Czy można zalepić dziurkę w sercu w taki sposób jak zalepia się popsutą dętkę w rowerze? Naukowcy z Harvardu właśnie udowodnili, że jest to możliwe. Dla osób, które cierpią w skutek bardzo częstej wady serca - ubytku przegrody międzyprzedsionkowej, ta nowa metoda stanowi ogromną szansę.
Jak pokazały badania, tą wadę serca można operować w sposób mało inwazyjny, przy użyciu metody, w której najważniejsza rolę odgrywa właściwie dobrany klej.
Naukowcy z Uniwersytetu Harvarda z Ellen Roche na czele wykonali operacje na świni. Poprzez nieduże nacięcie na skórze wprowadzona została łatka na długiej rurce, po dotarciu do serca została ono przebite, tak aby umożliwić dostanie się do przegrody międzyprzedsionkowej. Łatka, posmarowana specjalnie dobranym klejem tężejącym pod wpływem promieni UV umieszczona była między dwoma balonikami. Po odpowiednim umiejscowieniu łatki, baloniki zostały nadmuchane, co sprawiło, ze łatka została unieruchomiona. W następnej kolejności poprzez światłowód wysłane zostały promienie UV, które doprowadziły klej do stężenia.

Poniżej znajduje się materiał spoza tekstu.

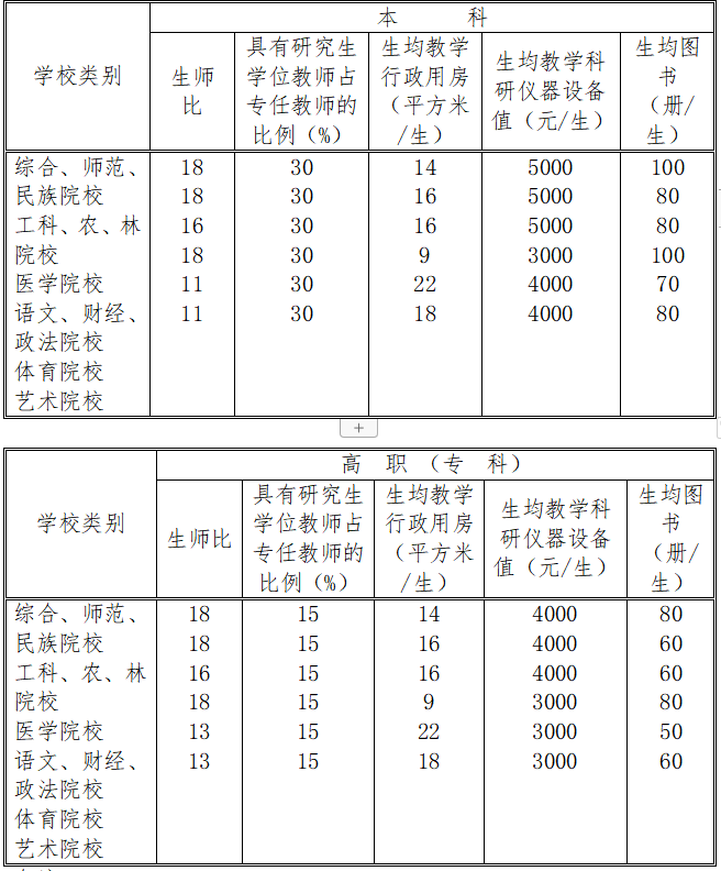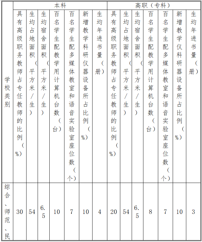 ⒉凡生師比指標不高于表中數值,且其它指標不低于表中數值的學校為合格學校。

W czasie zabiegu serce świni nie przestawało bić. Naukowcy twierdzą, że operacja zakończyła się całkowitym sukcesem. Pozostało tylko oczekiwanie na dalszy efekt, bowiem ostatecznie łatka powinna się rozpuścić, a zastąpić ją ma żywa tkanka. Wtedy okaże się, czy wszystko uda się zgodnie z planem. Jeśli się powiedzie, to otrzymamy nową, metodę leczenia tej popularnej wady serca. Będzie ona mało inwazyjna i nie będzie pozostawiała ciał obcych w organizmie pacjenta.
Efekt badań naukowców z Harvardu opublikowany został w piśmie „Science Translational Medicine”.